In some examples, the wireless connectivity component 612 may include subcomponents, for example, for third generation (3G) connectivity, fourth generation (4G) connectivity (e.g., Long-Term Evolution (LTE)), fifth generation (5G) connectivity (e.g., New Radio (NR)), Wi-Fi connectivity, Bluetooth connectivity, and other wireless data transmission standards. The wireless connectivity component 612 is further coupled to one or more antennas 614.
The processing system 600 may also include one or more sensor processing units 616 associated with any manner of sensor, one or more image signal processors (ISPs) 618 associated with any manner of image sensor, and/or a navigation processor 620, which may include satellite-based positioning system components (e.g., GPS or GLONASS) as well as inertial positioning system components.
The processing system 600 may also include one or more input and/or output devices 622, such as screens, touch-sensitive surfaces (including touch-sensitive displays), physical buttons, speakers, microphones, and the like.

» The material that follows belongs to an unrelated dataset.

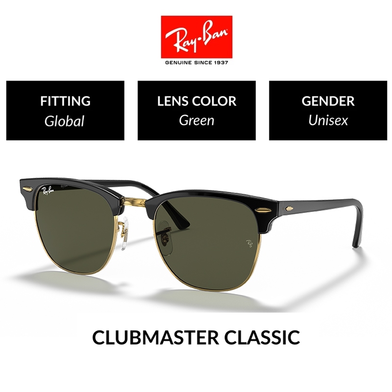New 100 PERSEN Original Ray-Ban Kacamata Hitam CLUBMASTER RB3016 Sunglasses Black pria wanita Grey
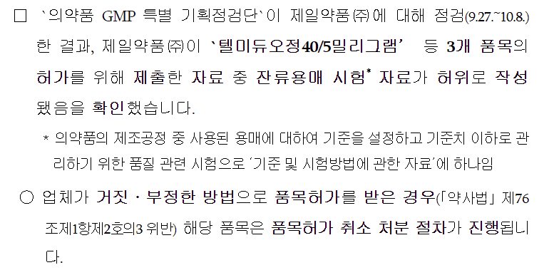 이건은 비보존때 이후로 생긴 내부고발로 인한 식약처 특별감사에서 최초 품목허가를 신청할 때 제출하였던 세 개 배치의 품질관리 기록 중 잔류용매가 기준치를 넘어 일탈되었음에도 불구하고 품질관리 서류를 조작하여 품목허가를 받았다가 고발되어 걸린 건입니다.

In some examples, one or more of the processors of the processing system 600 may be based on an ARM or RISC-V instruction set.
The processing system 600 also includes memory 624, which is representative of one or more static and/or dynamic memories, such as a dynamic random access memory, a flash-based static memory, and the like. In this example, the memory 624 includes computer-executable components, which may be executed by one or more of the aforementioned processors of the processing system 600.
In particular, in this example, the memory 624 includes a nonlinear component 624A and a sampling component 624B, as well as a set of model parameters 624C (e.g., parameters of the convolution blocks 310 and/or the linear block 340 of FIG. 3). Although not depicted in the illustrated example, the memory 624 may also include other data such as training data. Though depicted as discrete components for conceptual clarity in FIG. 6, the illustrated components (and others not depicted) may be collectively or individually implemented in various aspects.
The processing system 600 further comprises a nonlinear circuit 626 and a sampling circuit 627. The depicted circuits, and others not depicted, may be configured to perform various aspects of the techniques described herein.
In some aspects, the nonlinear component 624A and/or the nonlinear circuit 626 (which may correspond to the nonlinear block(s) 110 of FIGS. 1 and 3) may be used to perform equivariant nonlinear (e.g., activation) operations in machine learning models, as discussed above. For example, the nonlinear component 624A and/or the nonlinear circuit 626 may use dynamically generated sampling matrices to process intermediate tensors using nonlinear functions.
In some aspects, the sampling component 624B and/or the sampling circuit 627 (which may correspond to the sampling branch 107 of FIGS. 1 and 3) may be used to dynamically generate sampling matrices, as discussed above. For example, the sampling component 624B and/or the sampling circuit 627 may use learned parameters to generate sampling matrices based on input data, and provide these sampling matrices to nonlinear layer(s) for processing.
Though depicted as separate components and circuits for clarity in FIG. 6, the nonlinear circuit 626 and the sampling circuit 627 may collectively or individually be implemented in other processing devices of the processing system 600, such as within the CPU 602, GPU 604, DSP 606, NPU 608, and the like.
Generally, the processing system 600 and/or components thereof may be configured to perform the methods described herein.
Notably, in other aspects, elements of the processing system 600 may be omitted, such as where processing system 600 is a server computer or the like. For example, the multimedia component 610, wireless connectivity component 612, sensor processing units 616, ISPs 618, and/or navigation processor 620 may be omitted in other aspects. Further, elements of the processing system 600 may be distributed between multiple devices.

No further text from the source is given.